好きバレ! 俺様上司の溺愛が止まりません!
 蒔田一臣は自分のことがあまり好きではない。なお、思春期の自己を嫌悪する時分は卒業している。

 ときどき無性に、自分のキャラが面倒臭くなるのだ。それは例えば。

 いつまでもうじうじと一人の女性を思い続けるしつこさや。

 母親の自分に対する処遇を『仕方がない』と割り切れぬ女々しさなど。

 ときどき、なにも考えず、ぱぁっと鳥のように飛び立ちたい、と彼は思う。人間は勝手だ。鳥はもっと考えている。

 明日食うものや自由のことなど。

 煩わしい雑務から、強面でとっつきにくい自分から開放されたらいったいどんな気分だろう。

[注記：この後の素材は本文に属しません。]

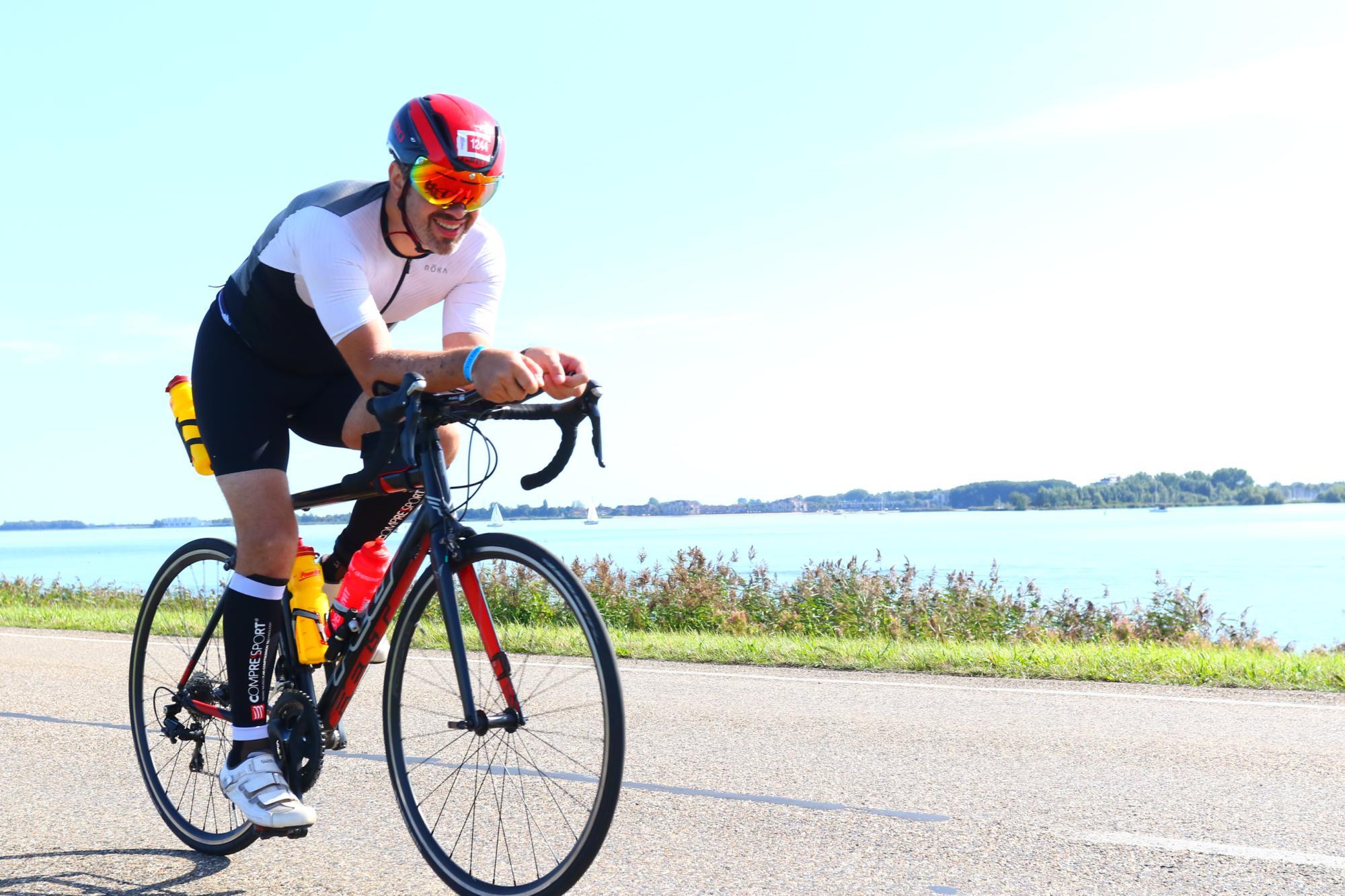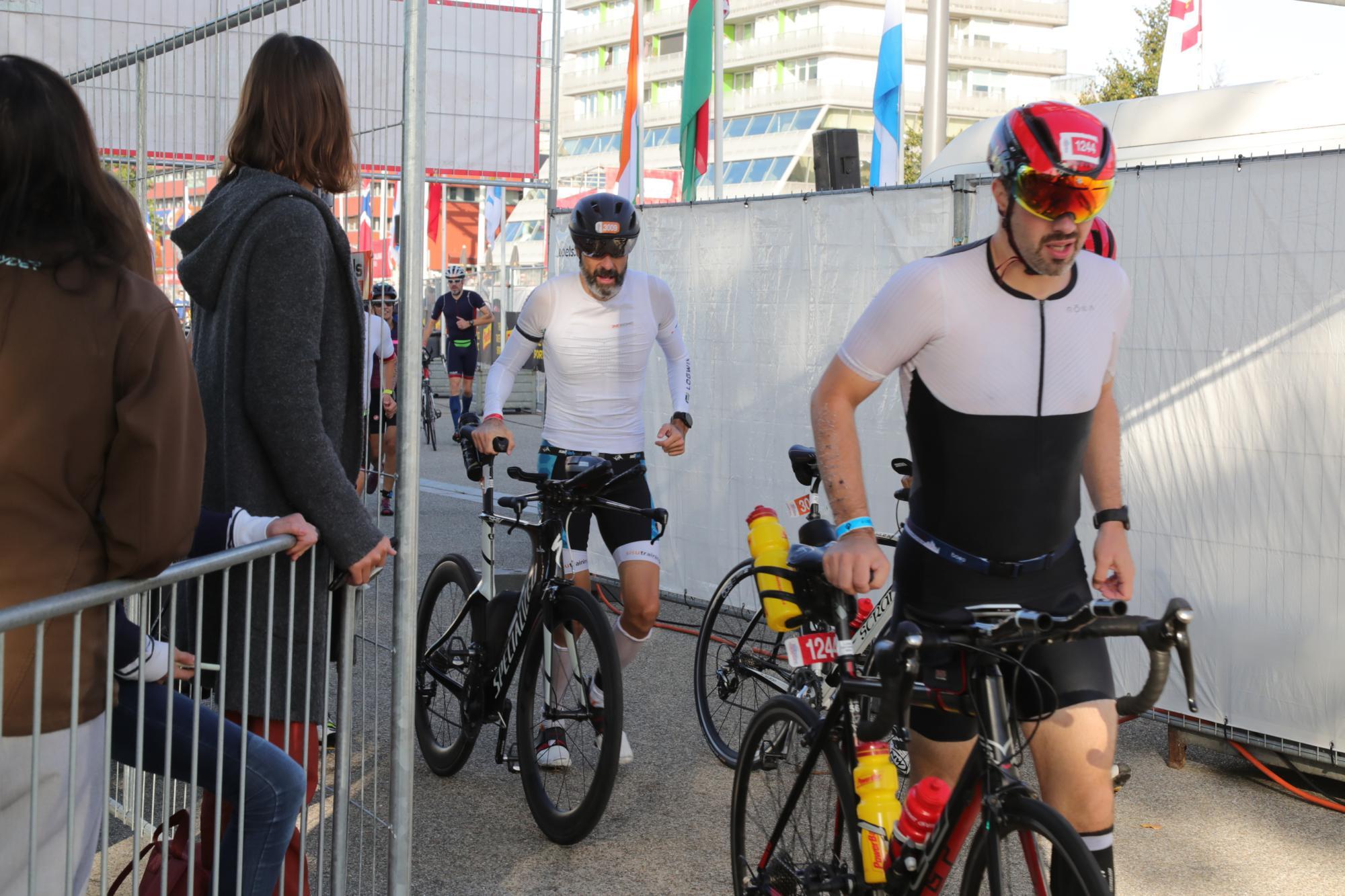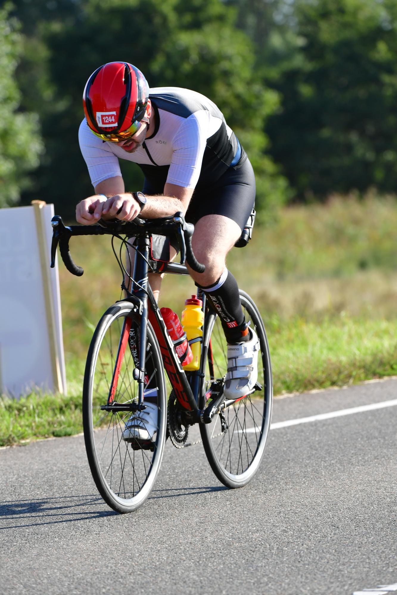 Mi-am dat jos neoprenul, mi-am pus casca, pantofii de biclă, am băut licoarea pregatită din timp și un gel, și-am plecat spre locul în care se afla bicicleta. După ce-am luat-o de pe rastel și-am început să alerg, am constatat că cele 12 grade de afară combinate cu costumul ud vor fi un bun stimulent pentru startul probei de ciclism. Și așa a și fost. Pentru că mi-era foarte frig, iar varianta de a merge mai încet era exclusă, am tras cât a fost nevoie ca să mă încălzesc, și totodată, să mi se usuce costumul. Vântul a bătut de la început, dar parcă în prima parte a ținut cu mine. Până la km 100 am reușit să scot o medie de 32.3 km/h. Apoi a inceput distracția. Vântul parcă bătea numai din față, energia nu mai era aceeași ca la început și am lăsat-o mai moale. Pe ultimii 10 km am făcut un cool down, cu o oprire la toaletă pentru că nu mai puteam și din mers nu mă “prea ține”. Nutriția a funcționat conform asteptărilor și cât se poate de simplu. Planul era de trei geluri pe oră plus izotonic și apă la punctele de hidratare. Ca să nu-mi complic viața cu desfăcutul gelurilor, în dimineața competiției le pun pe toate (cele pentru biclă) într-un bidon și-i mai adaug niște apă. M-am obișnuit deja cu cantitatea pe care trebuie s-o iau la fiecare 20 minute. O “gură zdravănă”. Am terminat proba în 5:55:42, cu o medie de 30.36 km/h, un timp bun, chiar record personal pe această distanță. Am lăsat bicla și m-am dus să mă schimb pentru urmatoarea probă.

 煩わしくても生涯つき合い続けるのが、自分のことだ。もう諦めるしかない。

「そういえば」

 彼女と初めて出会ったとき、彼女は、裸足で階段を駆けあがっていた。正確には、素足ではなくストッキングを履いた足で。エレベーターが来ないから遅刻しそうだと焦って階段をあがっていたらしいが、それにしても靴を脱ぐとは大胆だ。誰に見つかるとも知れないのに。

 実際、見つかった。

 挙句、遅刻したのだ、新人研修を終え、第三事業部に配属となった初日に。